Question

Identify the horizontal and vertical asymptotes, if any, of the given function. $$ f(x)=\frac{-3 x^{2}-9 x-6}{5 x^{2}-10 x-15} $$

Short answer

Vertical asymptotes at \( x = 3 \) and \( x = -1 \); horizontal asymptote at \( y = -\frac{3}{5} \).

Step-by-step solution

Identify the form of the rational function

The given function is a rational function of the form \( f(x) = \frac{-3x^2 - 9x - 6}{5x^2 - 10x - 15} \). Rational functions can exhibit vertical or horizontal asymptotes depending on the degree of the polynomial in the numerator relative to the denominator.

Determine the vertical asymptotes

Vertical asymptotes occur when the denominator is zero and the numerator is non-zero. To find vertical asymptotes, we solve the equation \( 5x^2 - 10x - 15 = 0 \). Factor the denominator: \( 5(x^2 - 2x - 3) = 5(x-3)(x+1) \). Setting each factor to zero gives \( x = 3 \) and \( x = -1 \) as the points where vertical asymptotes occur.

Determine the horizontal asymptotes

Horizontal asymptotes depend on the degrees of the polynomials in the numerator and denominator.

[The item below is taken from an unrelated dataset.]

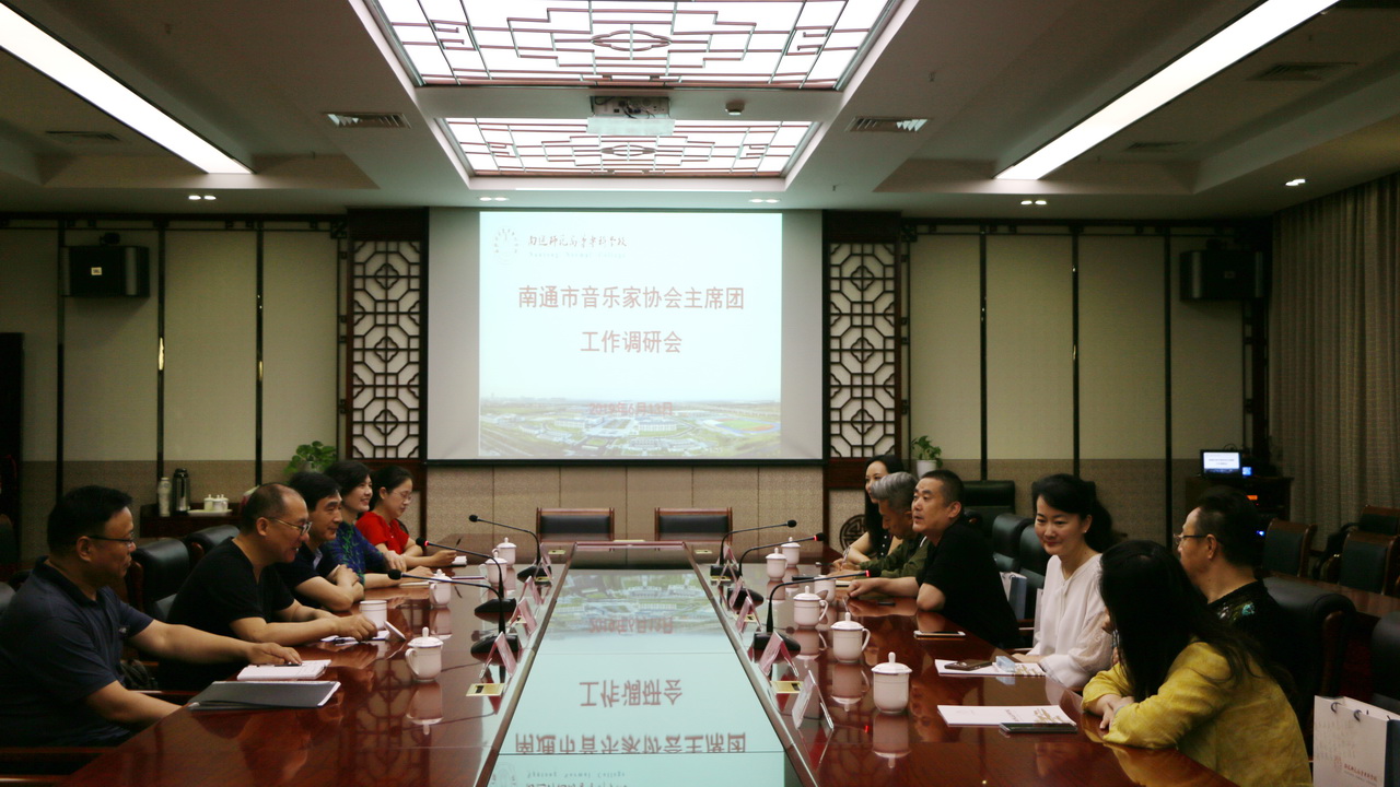 6月13日下午,南通广播电视总台台长、市音乐家协会主席张辉率市音乐家协会主席团一行六人,来我校考察调研。校党委书记刘锋、音乐舞蹈学院书记虞福美、院长黄忠、副书记张露、副院长戴俊超热情接待了到访来宾。

If their degrees are the same, then the horizontal asymptote is \( y = \frac{a}{b} \) where \( a \) and \( b \) are the leading coefficients. In this function, both the numerator and the denominator have degree 2. The leading coefficients are \(-3\) and \(5\), respectively. Hence, the horizontal asymptote is \( y = \frac{-3}{5} \).

Key concepts

Vertical Asymptotes

When we talk about vertical asymptotes in a rational function like \( f(x) = \frac{-3x^2 - 9x - 6}{5x^2 - 10x - 15} \), we are looking for values of \( x \) where the function is undefined. These occur at the zeros of the denominator.

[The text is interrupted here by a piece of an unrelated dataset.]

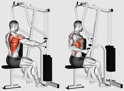 बैठी हुई पंक्ति मशीन. पीठ की मोटाई बढ़ाने के लिए एक महत्वपूर्ण व्यायाम। 8-12 प्रतिनिधि के 4-6 सेट करें।

To find vertical asymptotes, set the denominator equal to zero and solve for \( x \):
\[ 5x^2 - 10x - 15 = 0 \]
Factor the quadratic expression:

• Start by factoring out the greatest common factor: \( 5(x^2 - 2x - 3) \).
  
• Further factor the expression: \( (x - 3)(x + 1) \).
  

By setting each factor equal to zero, we find:

• \( x - 3 = 0 \) leads to \( x = 3 \)
  
• \( x + 1 = 0 \) leads to \( x = -1 \)
  

Thus, vertical asymptotes are at \( x = 3 \) and \( x = -1 \).

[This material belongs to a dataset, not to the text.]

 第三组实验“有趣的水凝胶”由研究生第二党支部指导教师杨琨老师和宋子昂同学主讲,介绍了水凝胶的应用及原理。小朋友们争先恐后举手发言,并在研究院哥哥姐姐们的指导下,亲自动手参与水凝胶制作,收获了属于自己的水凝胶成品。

These asymptotes represent values where the graph of the function will sharply approach but never actually touch, showing infinite behavior at these points.

Horizontal Asymptotes

Horizontal asymptotes indicate the behavior of a function as \( x \) approaches positive or negative infinity. For rational functions, the degree of the numerator and the degree of the denominator play a critical role.

In the function \( f(x) = \frac{-3x^2 - 9x - 6}{5x^2 - 10x - 15} \), the degree of both the numerator and denominator is 2. This means we have a specific rule:

• If the degree of the numerator equals the degree of the denominator, the horizontal asymptote is \( y = \frac{a}{b} \), where \( a \) and \( b \) are the leading coefficients of the numerator and denominator, respectively.
  

Here, the leading coefficient in the numerator is \(-3\) and in the denominator is \(5\). Therefore, the horizontal asymptote is given by:
\[ y = \frac{-3}{5} \]

This tells us that as \( x \) progresses towards infinity in either direction, the value of \( f(x) \) will approach \( \frac{-3}{5} \), giving us a y-value the graph will tend to flatten towards but not cross.

Rational Functions

Rational functions are a key concept in algebra, defined as the ratio of two polynomials. In general, a rational function has the form:
\[ f(x) = \frac{P(x)}{Q(x)} \]
where \( P(x) \) and \( Q(x) \) are polynomials. The domain of rational functions excludes any values of \( x \) that make \( Q(x) = 0 \), as these lead to undefined expressions.

Rational functions can exhibit different types of asymptotes:

• Vertical asymptotes happen where the denominator is zero but the numerator is not, resulting in undefined behavior.
  
• Horizontal or slant asymptotes describe the end behavior of the function as \( x \) approaches infinity.
  

These features are key to sketching the graph of the function. Understanding this helps students predict how the function behaves, aligns approaching lines, and highlights areas where the function won't return a defined value.